# New Ireland



## roker (25 Jan 2012)

I have an Annuity with "New Ireland" When I questioned the employer name on my tax credit form for employer COMHLUCHTEIREANN UMAR; I was told that New Ireland has changed their name. I just received my P60; it looks like it was photo copied (badly) in black and white, and no mention of their name.
Is something going on with New Ireland?


----------



## ClubMan (25 Jan 2012)

http://www.newireland.ie/contact_us.aspx



> New Ireland Assurance Company plc is regulated by the Central Bank of Ireland and is a member of the Bank of Ireland Group.
> 
> 
> Comhlucht  na hÉireann um Árachas cpt [New Ireland Assurance Company plc]  Registered in Ireland No. 7336. Registered Office: 11-12 Dawson Street,  Dublin 2.

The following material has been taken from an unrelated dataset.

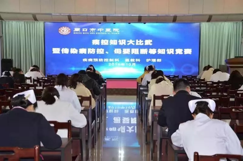 為進一步加強我院傳染病防控工作,提升全體醫護人員疾病預防控制工作業務技術能力,構筑牢固的疾病預防控制體系,根據周口市衛生健康委下發的《關于舉辦中心城區醫療機構疾控工作崗位練兵和大比武活動的通知》要求及活動進度的安排,我院于10月16日下午14:20分在六號樓六樓進行“周口市中醫院疾控知識大比武暨傳染病防控、母嬰阻斷等知識”競賽活動。本次考試由疾控科聯合醫教科、護理部共同組織。醫院領導工會主席孫俊、醫院感染管理科科長徐亞鵬、醫教科科長胡維來、護理部副主任夏愛玲等領導親臨考試現場,為參賽隊員加油。

I suspect that "COMHLUCHTEIREANN UMAR" is just a garbled/truncated version of their name as Gaeilge.


----------



## Eithneangela (25 Jan 2012)

That's strange - I just received my P60 from New Ireland as well and to me it looks really weird - no recognisable Employer Name. This is the first one I've received so I have nothing to compare with. Maybe somebody else out there received one last year and can compare with this year's one. I agree that it looks as though a document was scanned into a computer then printed - its certainly not a top copy of a printout.


----------



## roker (25 Jan 2012)

Correct, last year it was a proper document.


----------